> **What is required**: Using only the entries below, copy exactly the lines that begin at the one with "Áo dài xuân màu đỏ đô cổ tròn suông đẹp" and end at the one with "The menu at", both included. Drop the pictures.

> **Data shown**:
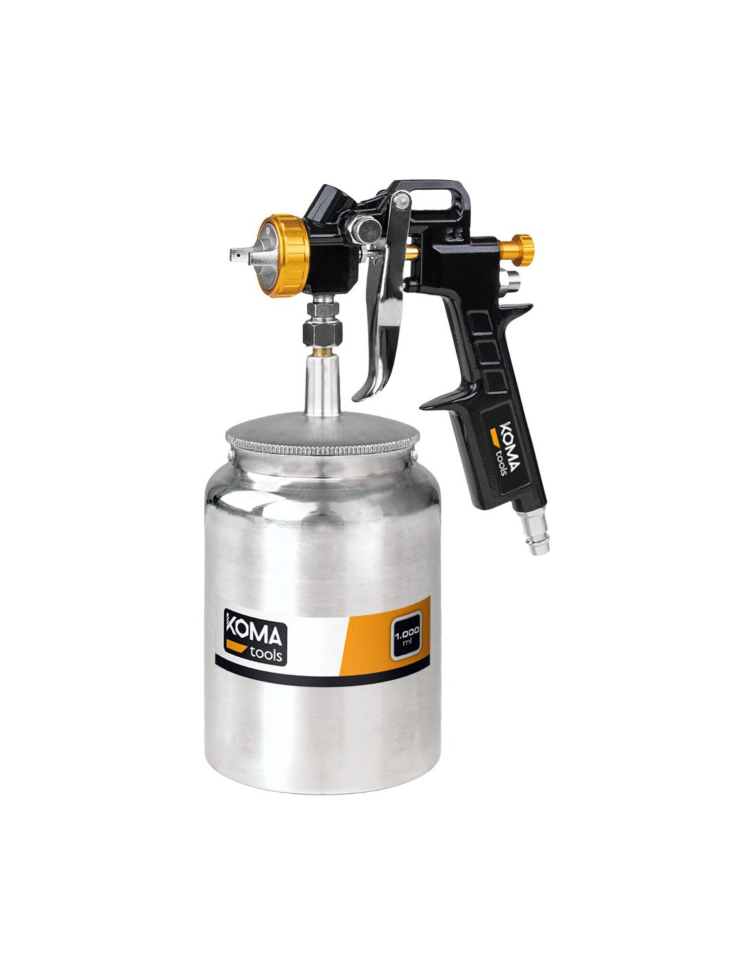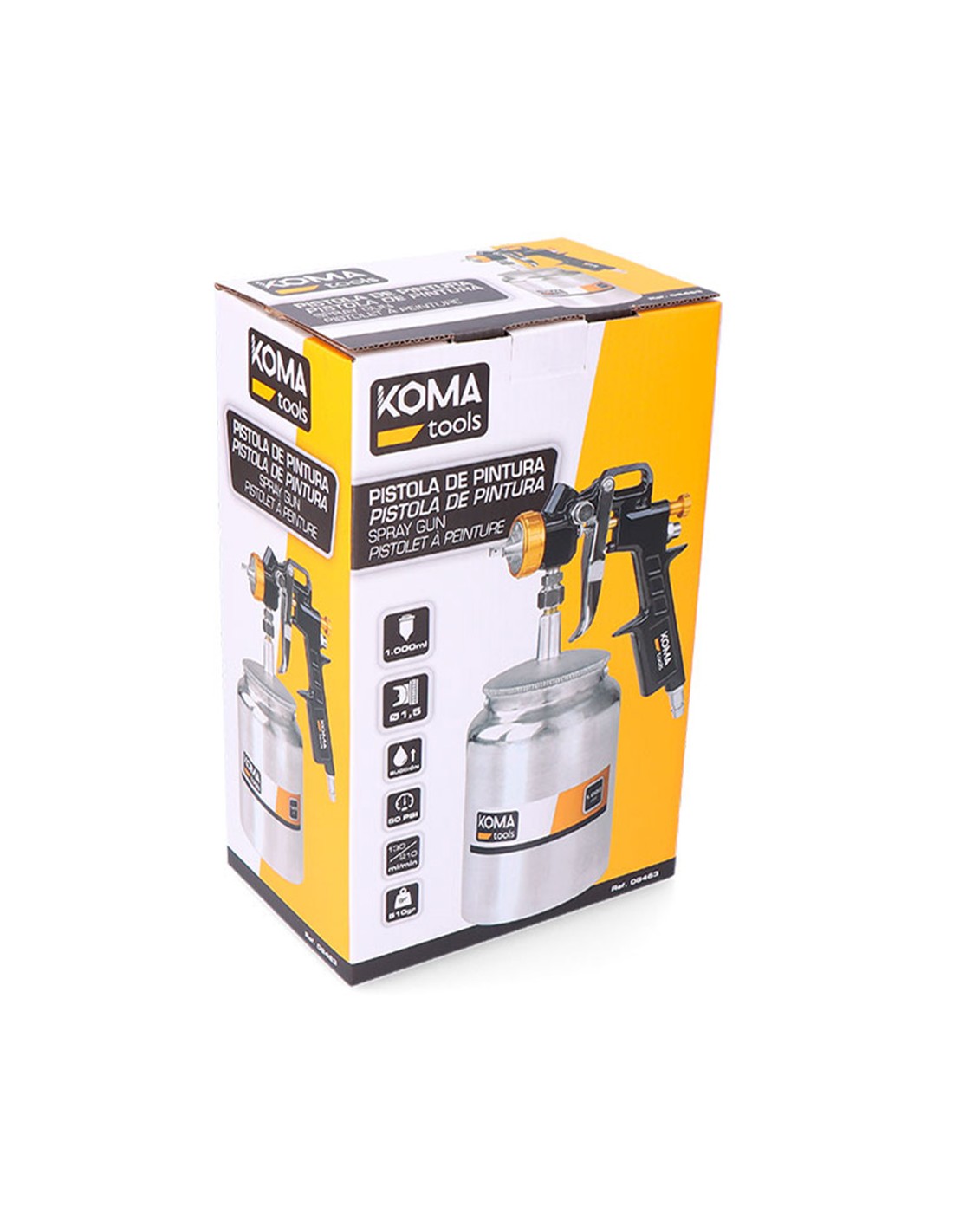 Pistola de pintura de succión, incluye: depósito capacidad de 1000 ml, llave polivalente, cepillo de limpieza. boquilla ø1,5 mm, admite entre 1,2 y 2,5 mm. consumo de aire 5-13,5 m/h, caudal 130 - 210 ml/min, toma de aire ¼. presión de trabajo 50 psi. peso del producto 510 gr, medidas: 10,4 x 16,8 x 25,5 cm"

--

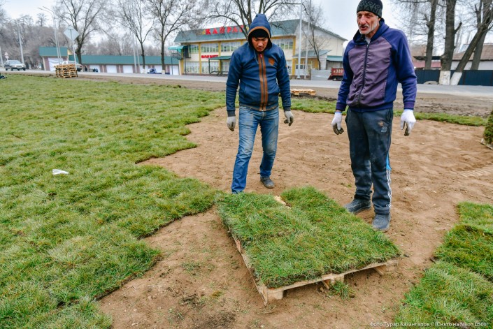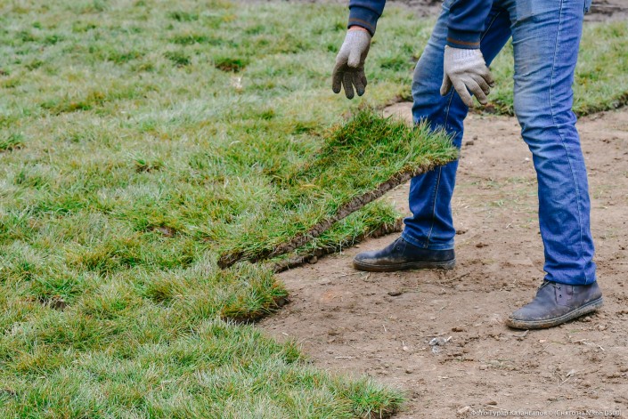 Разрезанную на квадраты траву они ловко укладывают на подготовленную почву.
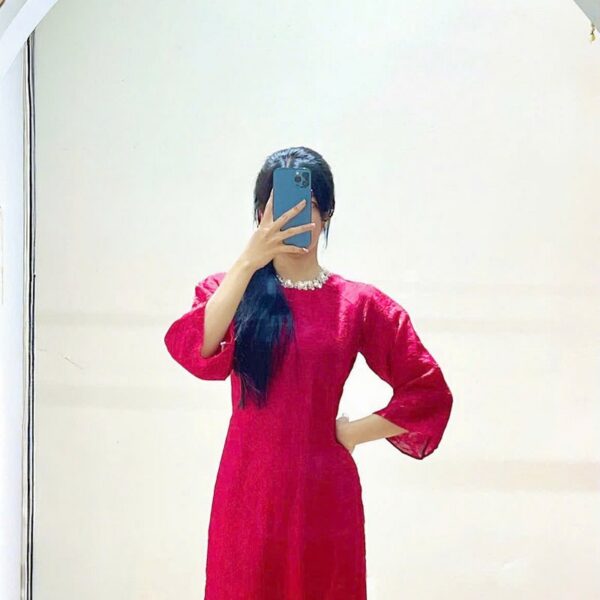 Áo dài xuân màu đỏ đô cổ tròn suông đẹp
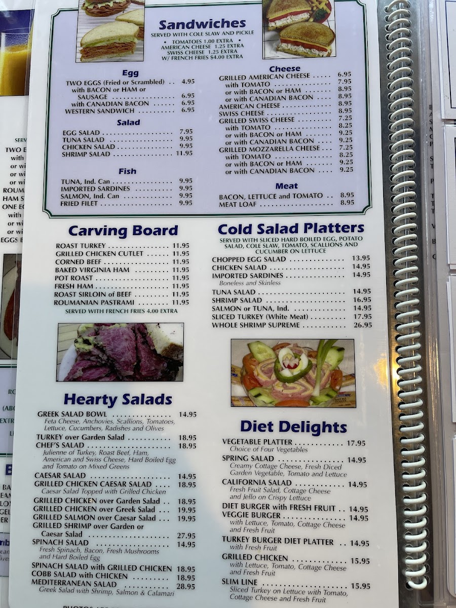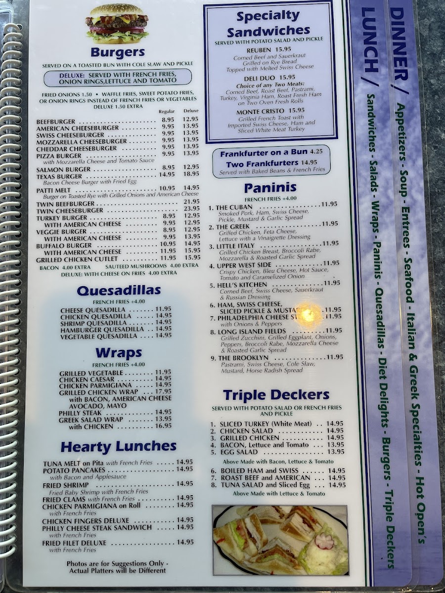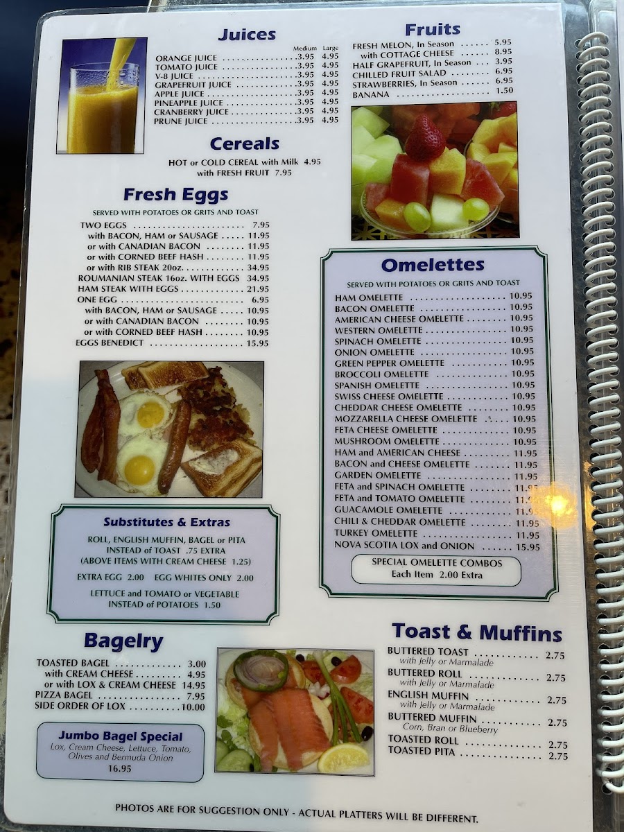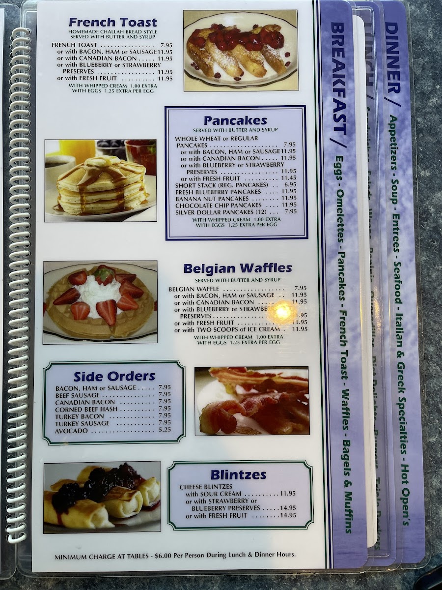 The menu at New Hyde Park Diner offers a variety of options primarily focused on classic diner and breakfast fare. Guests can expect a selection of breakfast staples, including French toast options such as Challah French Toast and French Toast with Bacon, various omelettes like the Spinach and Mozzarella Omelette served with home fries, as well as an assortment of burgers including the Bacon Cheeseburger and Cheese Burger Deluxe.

> **Expected answer**:
 Áo dài xuân màu đỏ đô cổ tròn suông đẹp
 The menu at New Hyde Park Diner offers a variety of options primarily focused on classic diner and breakfast fare. Guests can expect a selection of breakfast staples, including French toast options such as Challah French Toast and French Toast with Bacon, various omelettes like the Spinach and Mozzarella Omelette served with home fries, as well as an assortment of burgers including the Bacon Cheeseburger and Cheese Burger Deluxe.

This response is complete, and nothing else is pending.